◆ Your task
Pictures are to be left out; every line from the one with "ゲームの詳しい遊び方は画面で" through the end of the data must be transcribed exactly.

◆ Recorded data

--- START ---

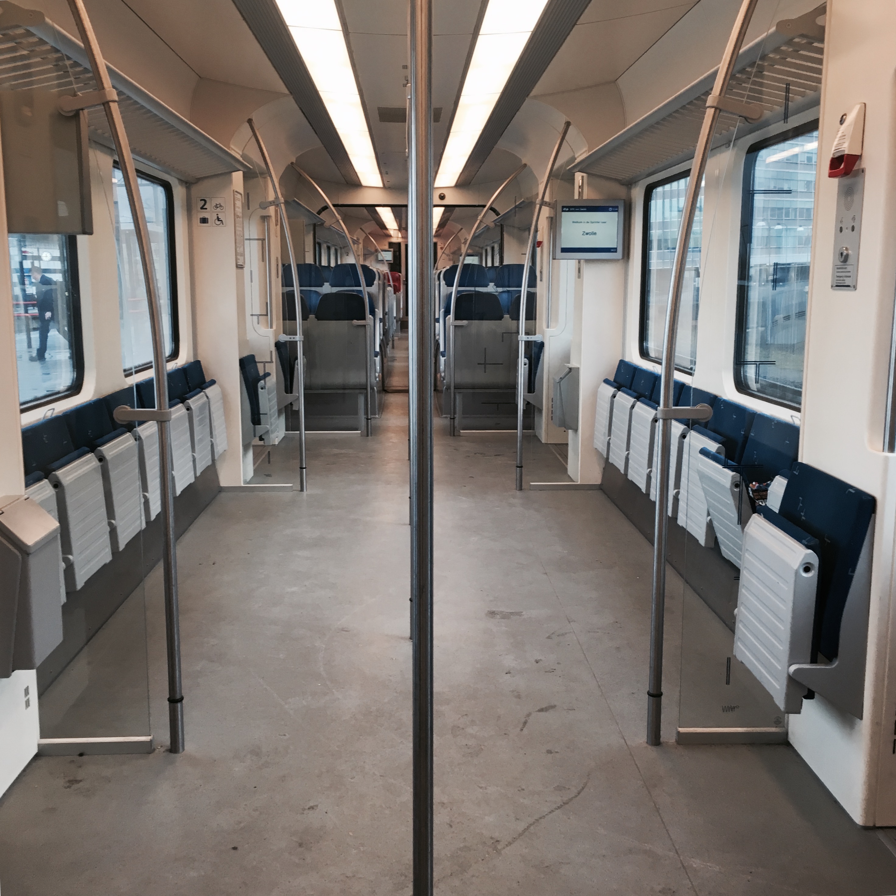 The driver's announcement refers to this service as a "Sprrrrinterrrrrrrr". It's going all the way to Amsterdaam Centraal and beyond, and before we leave - about 20 minutes after we board - it gets pretty full. Once we set off, there's an automated announcement which says the train is going in the other direction, to Den Haag, and lots of people look confused.
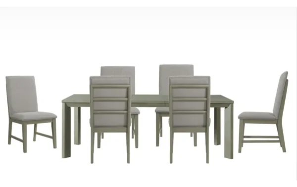 The Zig Dining Room Set is a masterpiece of modern elegance and functionality. To begin with, it transforms any dining space into a sophisticated haven. This set includes a sleek rectangular table and six beautifully crafted chairs. Moreover, all pieces are in a light gray hue that exudes contemporary charm. As for the chairs, their cushioned seats and backs blend comfort with style. They invite guests to linger longer at the table. Additionally, the extendable table can expand with an 18-inch leaf, accommodating additional guests. Thus, it is perfect for both intimate dinners and larger gatherings.
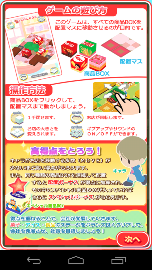 ゲームの詳しい遊び方は画面で確認していただくとして、基本的には商品を移動させて並べるというのがルールです。
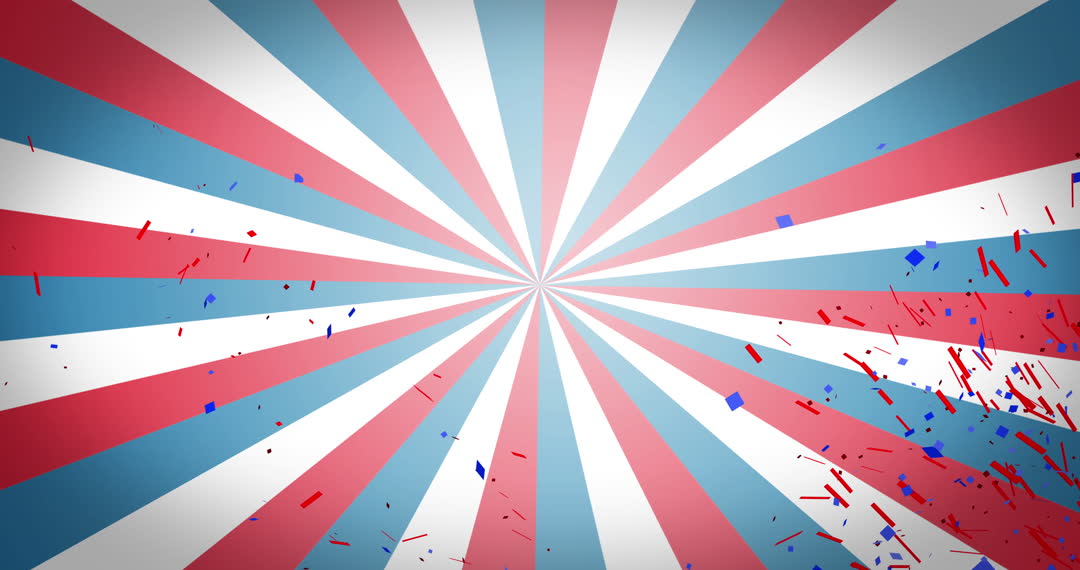 Image featuring vibrant red, white, and blue spinning stripes resembling an American flag background adorned with multi-colored confetti. Ideal for use in content related to U.S. Elections, patriotic events, national celebrations, Independence Day promotions, or democratic promotions, adding a festive and dynamic touch.
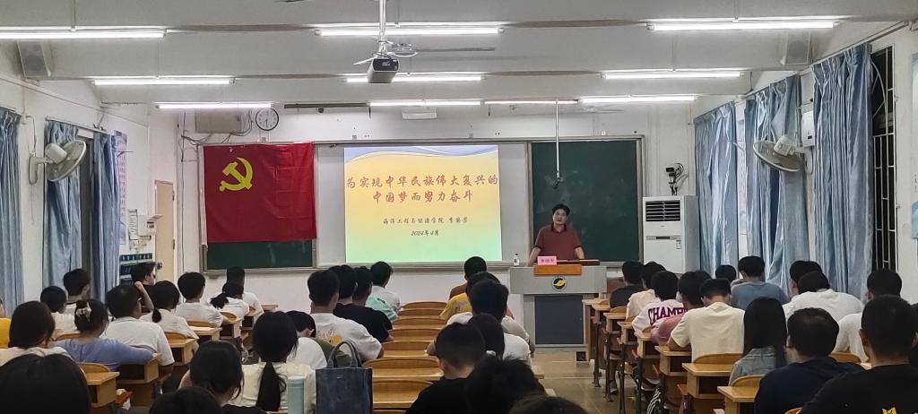4月1日晚,海洋工程与能源学院党委书记李国芳在海滨教学楼202室开展以《为实现中华民族伟大复兴的中国梦而努力奋斗》为主题的讲座,向80余名入党积极分子授课,开启了2024年春季学期的“思政第一课”。
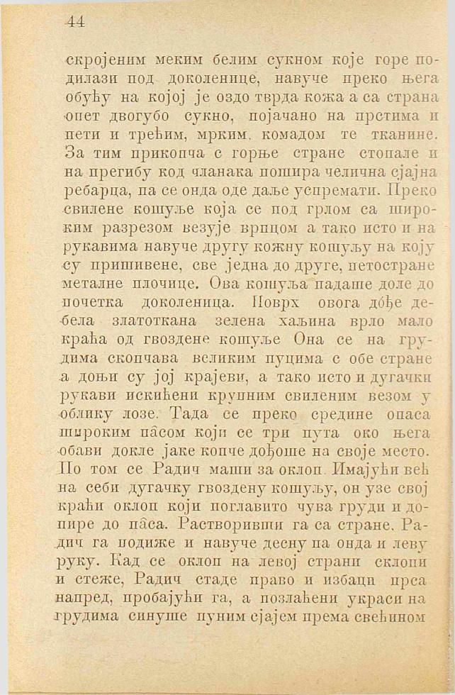 скројеним меким белим сукном које горе подилази под доколенице, навуче преко њега обућу на којој је оздо тврда кожа а са страна опет двогубо сукно, појачано на прстима и пети и трећим, мрким, комадом те тканине. За тим прикопча с горње стране стопале и на прегибу код чланака пошира челична сјајна ребарца, па се онда оде даље успремати. Преко свилене кошуље која се под грлом са широким разрезом везује врпцом а тако исто и на рукавима навуче другу кожну кошуљу на коју су пришивене, све једна до друге, петостране металне плочице. Ова кошуља падаше доле до почетка доколеница. Поврх овога дође дебела златоткана зелена хаљина врло мало краћа од гвоздене кошуље. Она се на грудима скопчава великим пуцима с обе стране а доњи су јој крајеви, а тако исто и дугачки рукави искићени крупним свиленим везом у облику лозе. Тада се преко средине опаса широким пасом који се три пута око њега обави докле јаке копче дођоше на своје место. По том се Радич маши за оклоп. Имајући већ на себи дугачку гвоздену кошуљу, он узе свој краћи оклоп који поглавито чува груди и допире до паса. Растворивши га са стране, Радич га подиже и навуче десну па онда и леву руку. Кад се оклоп на левој страни склопи и стеже, Радич стаде право и избаци прса напред, пробајући га, а позлаћени украси на грудима синуше пуним сјајем према свећином

--- END ---

◆ Response to this task
 ゲームの詳しい遊び方は画面で確認していただくとして、基本的には商品を移動させて並べるというのがルールです。
 Image featuring vibrant red, white, and blue spinning stripes resembling an American flag background adorned with multi-colored confetti. Ideal for use in content related to U.S. Elections, patriotic events, national celebrations, Independence Day promotions, or democratic promotions, adding a festive and dynamic touch.
4月1日晚,海洋工程与能源学院党委书记李国芳在海滨教学楼202室开展以《为实现中华民族伟大复兴的中国梦而努力奋斗》为主题的讲座,向80余名入党积极分子授课,开启了2024年春季学期的“思政第一课”。
 скројеним меким белим сукном које горе подилази под доколенице, навуче преко њега обућу на којој је оздо тврда кожа а са страна опет двогубо сукно, појачано на прстима и пети и трећим, мрким, комадом те тканине. За тим прикопча с горње стране стопале и на прегибу код чланака пошира челична сјајна ребарца, па се онда оде даље успремати. Преко свилене кошуље која се под грлом са широким разрезом везује врпцом а тако исто и на рукавима навуче другу кожну кошуљу на коју су пришивене, све једна до друге, петостране металне плочице. Ова кошуља падаше доле до почетка доколеница. Поврх овога дође дебела златоткана зелена хаљина врло мало краћа од гвоздене кошуље. Она се на грудима скопчава великим пуцима с обе стране а доњи су јој крајеви, а тако исто и дугачки рукави искићени крупним свиленим везом у облику лозе. Тада се преко средине опаса широким пасом који се три пута око њега обави докле јаке копче дођоше на своје место. По том се Радич маши за оклоп. Имајући већ на себи дугачку гвоздену кошуљу, он узе свој краћи оклоп који поглавито чува груди и допире до паса. Растворивши га са стране, Радич га подиже и навуче десну па онда и леву руку. Кад се оклоп на левој страни склопи и стеже, Радич стаде право и избаци прса напред, пробајући га, а позлаћени украси на грудима синуше пуним сјајем према свећином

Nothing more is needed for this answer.